Simple truth, there is no such thing as absolute change. In any change that occurs in your life something always endures.
Why does personal presence become lost to the identity in a relationship? Wouldn’t a good relationship help you to know more fully who you are? It can if it involves a person who already has some idea of who they are, or some sense of how they could find that. Is this very common?
So true romance requires maturity and a certain self sufficiency? You cannot give what you do not have. I can’t give you food if I have none. I cannot give you place if I insist on assuming a false place.
You should be able to be alone before you can have a true relationship? Yes, but more than just being able to be alone. You should realize that the romance you seek is already in you, because that’s what you would share with any prospective partner anyway.
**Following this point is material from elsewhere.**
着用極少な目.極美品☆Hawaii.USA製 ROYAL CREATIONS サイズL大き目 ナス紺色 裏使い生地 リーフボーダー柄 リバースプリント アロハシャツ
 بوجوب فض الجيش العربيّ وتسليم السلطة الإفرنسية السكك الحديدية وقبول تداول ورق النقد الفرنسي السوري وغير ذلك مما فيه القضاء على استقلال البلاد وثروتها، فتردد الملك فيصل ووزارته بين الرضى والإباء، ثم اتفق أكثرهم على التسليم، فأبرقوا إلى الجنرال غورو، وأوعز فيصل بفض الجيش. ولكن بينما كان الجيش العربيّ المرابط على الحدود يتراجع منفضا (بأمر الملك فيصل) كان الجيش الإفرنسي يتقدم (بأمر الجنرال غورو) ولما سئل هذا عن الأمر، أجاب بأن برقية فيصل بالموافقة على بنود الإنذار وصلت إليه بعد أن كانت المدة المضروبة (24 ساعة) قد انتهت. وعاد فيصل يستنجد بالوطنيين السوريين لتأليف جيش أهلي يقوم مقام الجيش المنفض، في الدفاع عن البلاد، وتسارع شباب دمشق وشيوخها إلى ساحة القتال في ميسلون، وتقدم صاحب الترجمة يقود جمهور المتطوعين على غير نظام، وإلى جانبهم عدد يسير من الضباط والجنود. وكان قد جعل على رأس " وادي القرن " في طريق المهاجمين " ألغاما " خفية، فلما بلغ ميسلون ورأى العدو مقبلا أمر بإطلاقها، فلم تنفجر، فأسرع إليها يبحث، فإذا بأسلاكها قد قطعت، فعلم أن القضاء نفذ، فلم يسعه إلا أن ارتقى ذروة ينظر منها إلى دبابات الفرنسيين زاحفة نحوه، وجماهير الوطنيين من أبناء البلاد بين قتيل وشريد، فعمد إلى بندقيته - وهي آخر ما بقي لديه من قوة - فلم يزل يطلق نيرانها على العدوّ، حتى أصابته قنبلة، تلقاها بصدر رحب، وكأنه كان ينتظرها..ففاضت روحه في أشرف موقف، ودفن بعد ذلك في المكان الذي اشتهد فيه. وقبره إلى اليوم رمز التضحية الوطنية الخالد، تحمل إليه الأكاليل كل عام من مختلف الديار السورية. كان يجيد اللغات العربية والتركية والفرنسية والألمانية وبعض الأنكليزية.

Any relationship you find will not last if you don’t have the emotional and spiritual substance to nurture it.
It is a very common problem for men. They have desires beyond sex, and these desires are just as strong as they are in women even if they don’t take exactly the same form. But “romance” is seen as a weakness. Looking inside themselves to see that romantic dynamic is considered “girly.”
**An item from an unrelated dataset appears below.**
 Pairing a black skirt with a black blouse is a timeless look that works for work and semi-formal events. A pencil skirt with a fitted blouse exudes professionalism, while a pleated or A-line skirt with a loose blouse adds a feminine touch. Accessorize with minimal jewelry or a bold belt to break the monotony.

By other men? Well yes, but that’s their group identification. They usually don’t have a contrasting view. They honestly believe (most of them) that being “mushy” would make them unattractive to women.
I’m gladly girly. I have no problem with being “girly” myself either, as my wife can attest to.
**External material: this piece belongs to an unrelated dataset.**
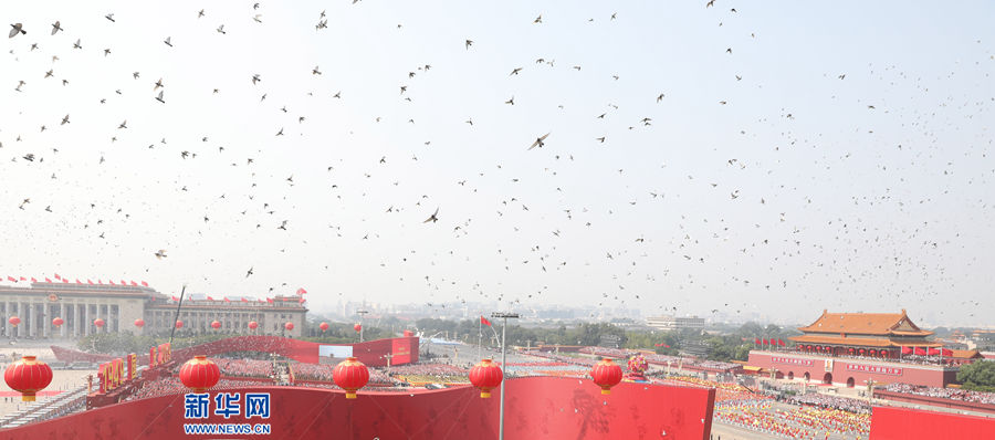 10月1日上午,慶祝中華人民共和國(guó)成立70周年大會(huì)在北京天安門(mén)廣場(chǎng)隆重舉行。這是天安門(mén)廣場(chǎng)上放飛和平鴿。 新華社記者 金立旺 攝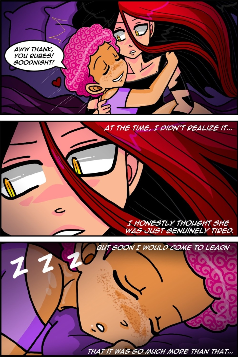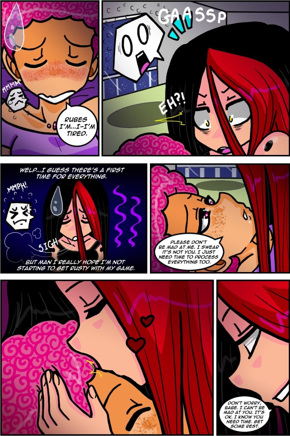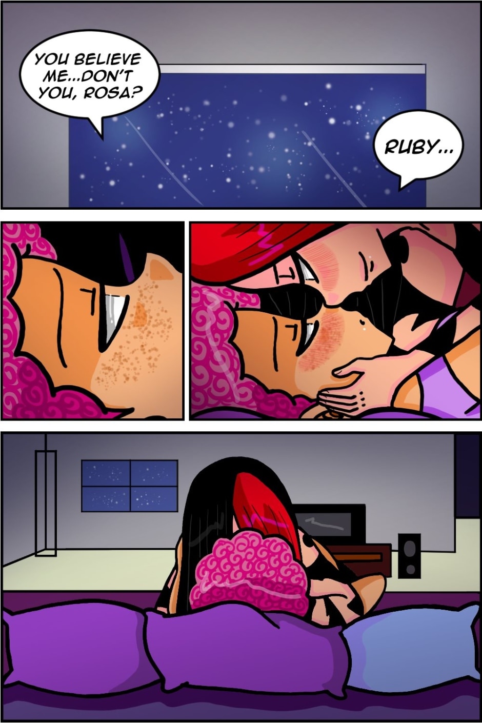 lol Soooooo yea this is definitely the first time Rosa has ever declined sexual advances from Ruby!!! XD But at least Ruby is understanding and knows Rosa needs some time to regroup. Communication is EVERYTHING guys!!! SERIOUSLY!!! lmaoooo

I think women give them a mixed message. Be soft and romantic, but be manly. Women do play into the issue. They often (if only subconsciously) project that they want a man who was like “Daddy”, even if Daddy was indifferent at best or even cold. But then they marry Daddy, and discover they hate the man and divorce him. Is this unfair to say?
The same happens in reverse. Many men when they discover some woman loves them revert to a very juvenile state. They start acting like the young boy that “Mommy” has to take care of. Blame all their temper tantrums and dissatisfactions on their partner, and then begin to entertain that their “real Mommy” will love them more which just leads to yet another broken relationship.
We have the inner woman and man inside us all, and try to find that inner man/woman outside us, but can’t. So we get frustrated because we try to find it in the wrong place? That is very true. What’s also true is that the inner opposite in us (the inner male for women, or the inner female for men) is often also the source of traits we have that are very much a part of us. That we have judged very negatively, decided we don’t like, even go so far as to judge to be evil. So when we get into a relationship, in the case of men, the “evil woman” is not even a part of their partners personality. It’s their own, and projected onto their partner.
And still feel attracted if they see a woman like that? To work out their own subconscious? Exactly.
Your thoughts are welcome. Be well friends.